時をかけるN | ナノ

時をかけるN


□ どこまでも走る 1/7

――――――――――

「――それで結局、おまえの目的は果たせたんですか?」

「俺様の目的なんかねぇよ。まぁ、ああいう爽やか青年はいけすかねーけど」

「ラムダらしい意見ですね」

「あ、そうそう。めんどくせぇ千里眼はしばらく使えねぇと思うぜ」

「それは助かります。もっとも今は、私たちが持っている力のほうが面倒臭いものですがね……」






「……はぁ」


 アポロが自室に戻るのを見届け一息ついたとき、



「ラムダさんっ」

 ラムダの斜め下から、珍しく控えめな声が聞こえた。


「あ? ランスか。何で小声なんだよ」

 ランスはその問いかけには答えず、今しがたアポロが入っていった扉を気まずそうに見つめた。


「アポロさんは、中ですか?」

「中に入るけど。
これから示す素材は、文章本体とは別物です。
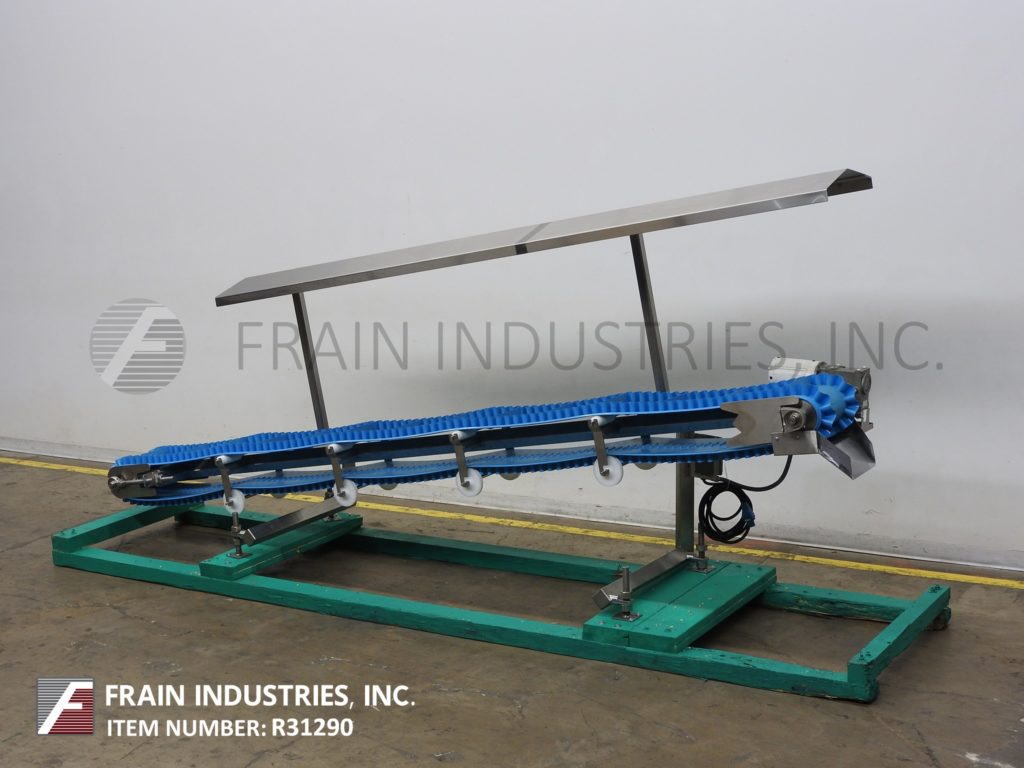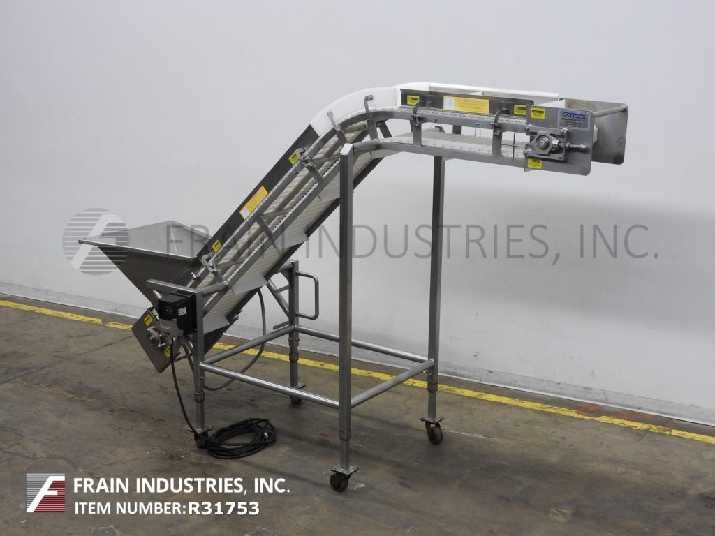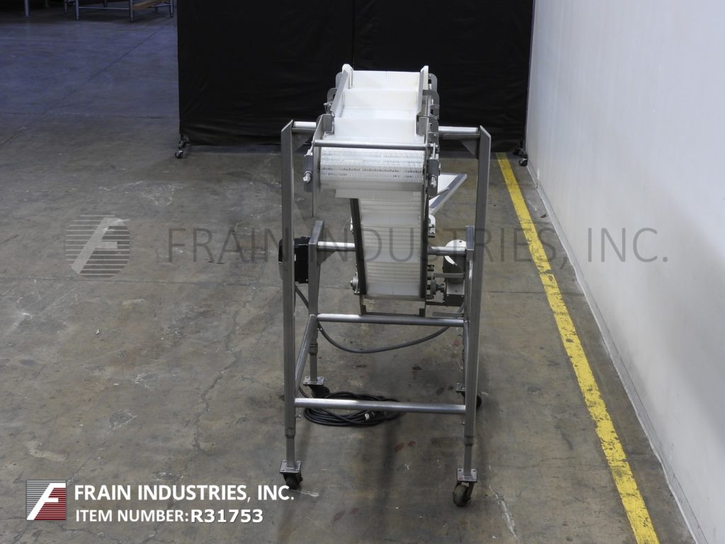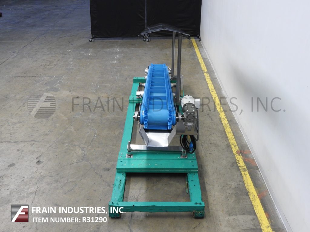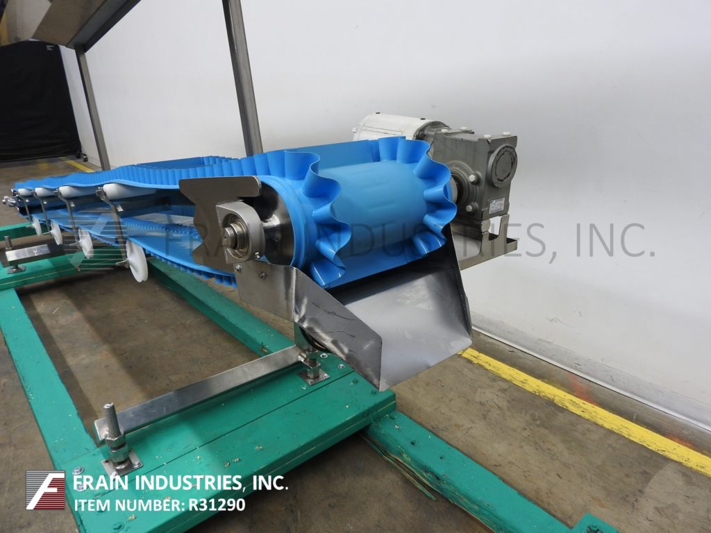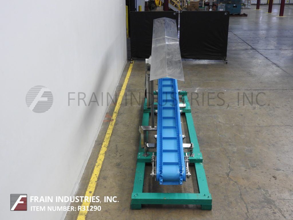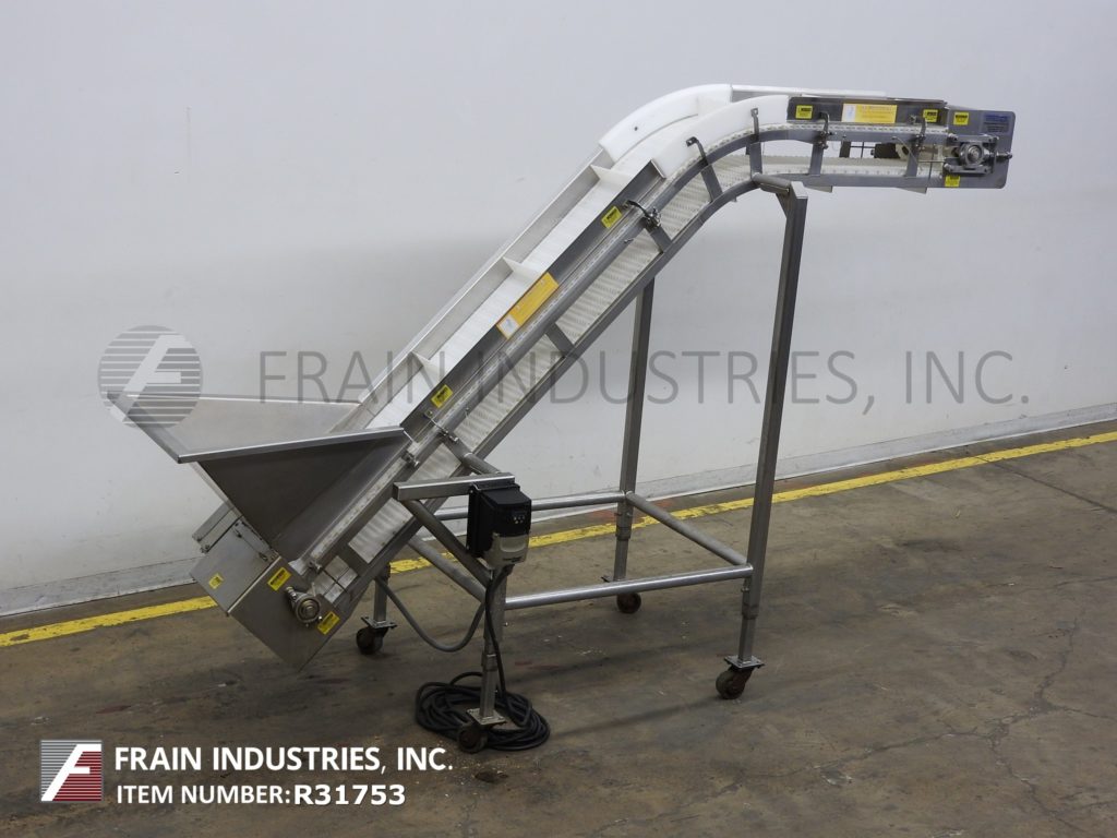 HiMEC, stainless steel, inclined cleated conveyor with pounds of product per hour – depending on materials and application. Equipped with 15" to 27" infeed height, 9" wide food grade conveyor belt with 2" high cleats set on 12½" centers. Conveyor has 176" long incline with 43" to 55" discharge height. Powered by ½ Hp motor drive. Mounted on (4) leg stainless steel frame with casters.
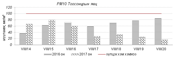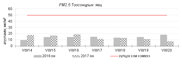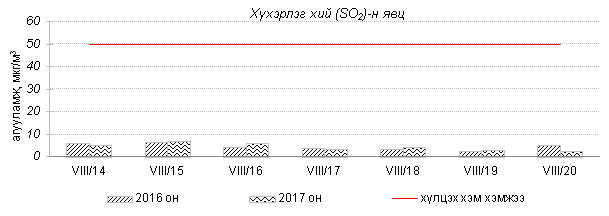 Улаанбаатар хотын агаарт түгээмэл бохирдуулах бодис хүхэрлэг хий /SO2/, азотын давхар исэл /NO2/, тоосонцор /PM10, PM2.5/, нүүрстөрөгчийн дутуу исэл /CO/, озон /O3/-ны агууламжийг тодорхойллоо.
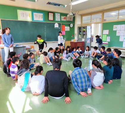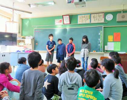 今朝の朝遊びは、縦割りの班で、6年生65人がすべて班長となる『新なかよし班活動』の実質第5回目です。昨日までの雨で、校庭が使えないため教室で遊びました。
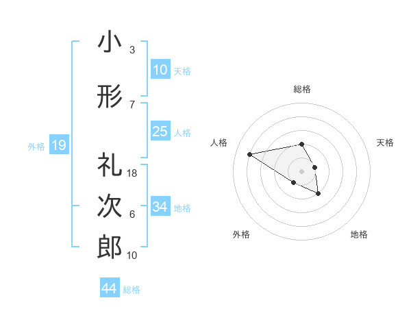 小形 礼次郎さんの総格は44画の2点!
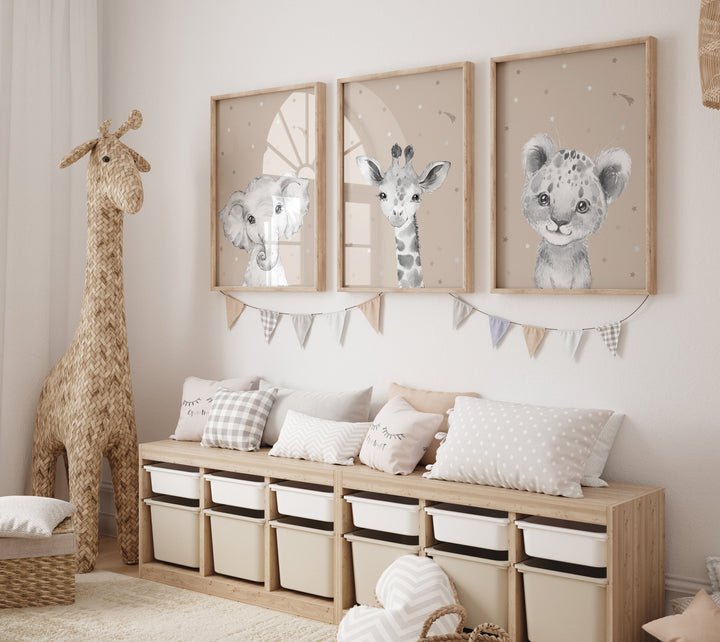 Nursery decor elephant and giraffe, animal nursery prints, grey nursery, neutral nursery, baby room wall art, woodland animals, gray nursery
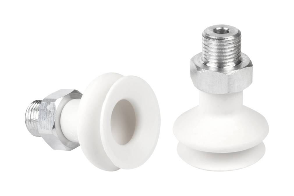 - Круглая сильфонная присоска с 1,5 гофра, регулировкой высоты и демпфирующим эффектом для перемещения хрупких заготовок
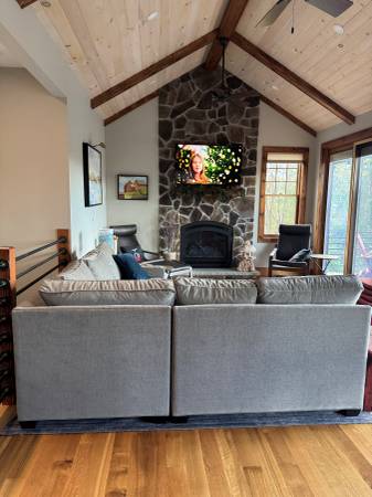 Ethan Allen "Bennett" track arm sectional couch with Grade E fabric in Fog Gil, comfort cushions and tapered leg in Bark Brown. The corner piece is 37" x 37" x 37" and the two side sections are each 51"x 37"x 37". Total length assembled is 88" each way. Couch was purchased in 2021. Regular price was $8,003 and we purchased during the annual sale for $6,402. The couch is in exceptional condition. It's located in a vacation home in Ellicottville, NY and has seen limited use. Non Smoking household. Pillows not included. Original receipt is available.
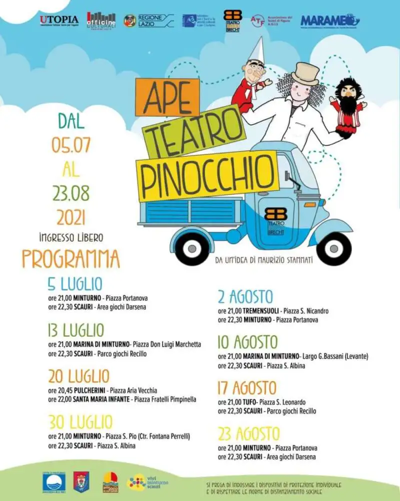 Il Comune di Minturno e il Teatro Bertolt Brecht portano in strada “Ape Teatro Brecht. Pinocchio” dal 5 luglio al 23 agosto.
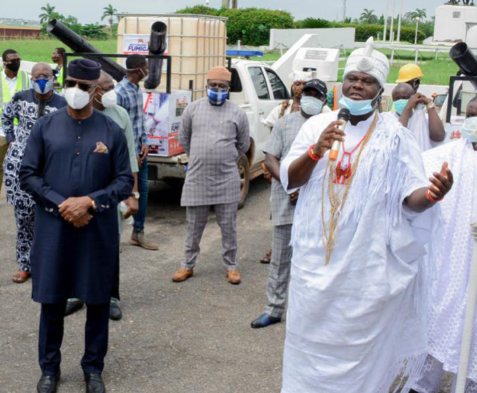 In his remarks, Ogun State Governor Dapo Abiodun commended the monarch for the gesture and assured him that the fumigators he donated will be put to good use.
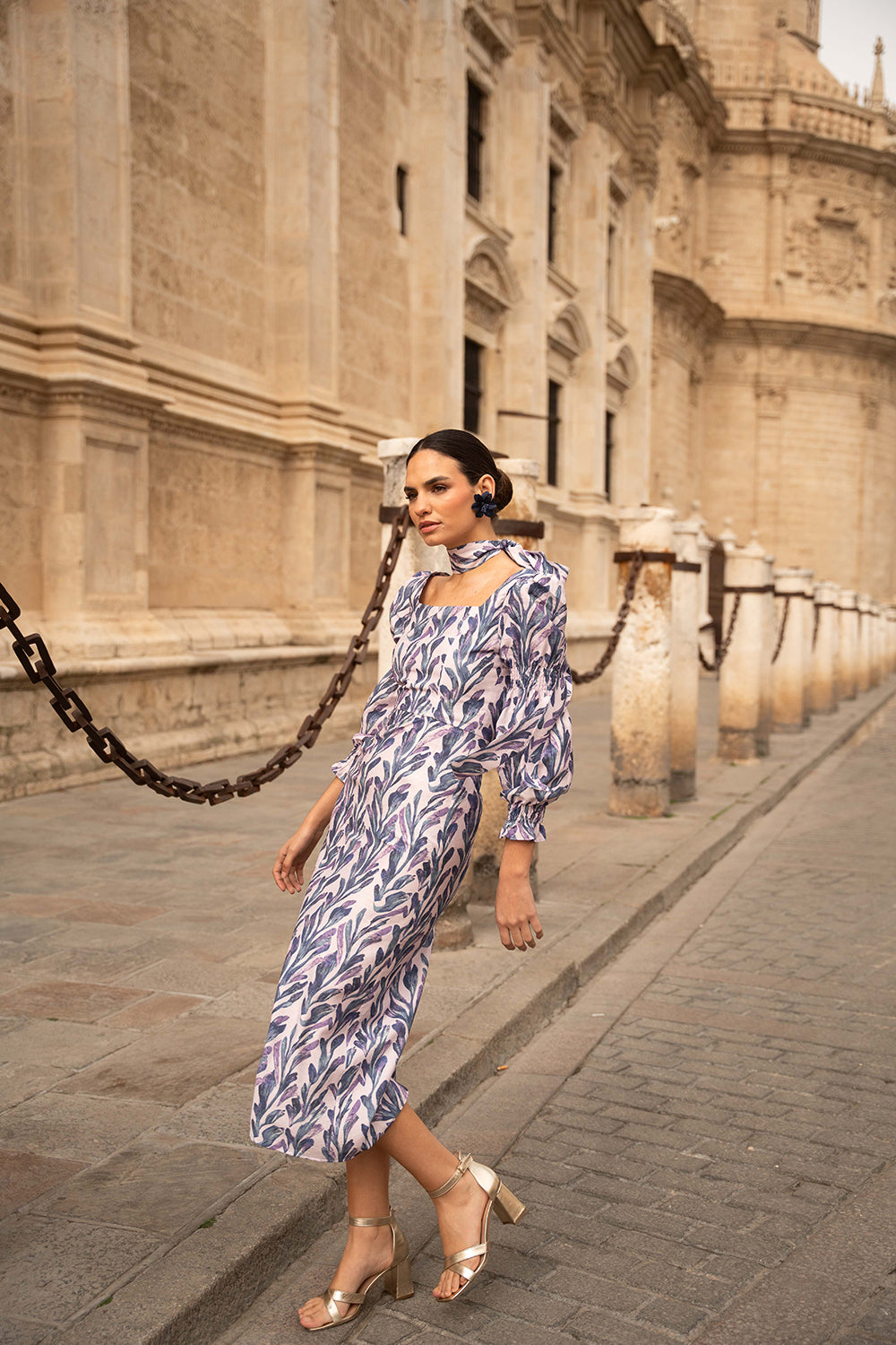 • Vestido largo con manga larga ajustable
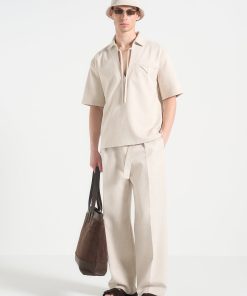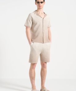 Manière De Voir Men’s Best Sellers Norbert – Open Collar Textured Drawstring Shirt – Cream

何、アポロに用事か?」

「わっ、違います! 呼ばないで下さい!」


「何なんだ、らしくねぇな。なんか言いたいことがあんじゃねーのか?」

 口籠もっていると思えば、ラムダが扉に近付こうとすると突然慌てだす始末だ。
 少し心配になってきたラムダが問うと、ランスは意を決したように口を開いた。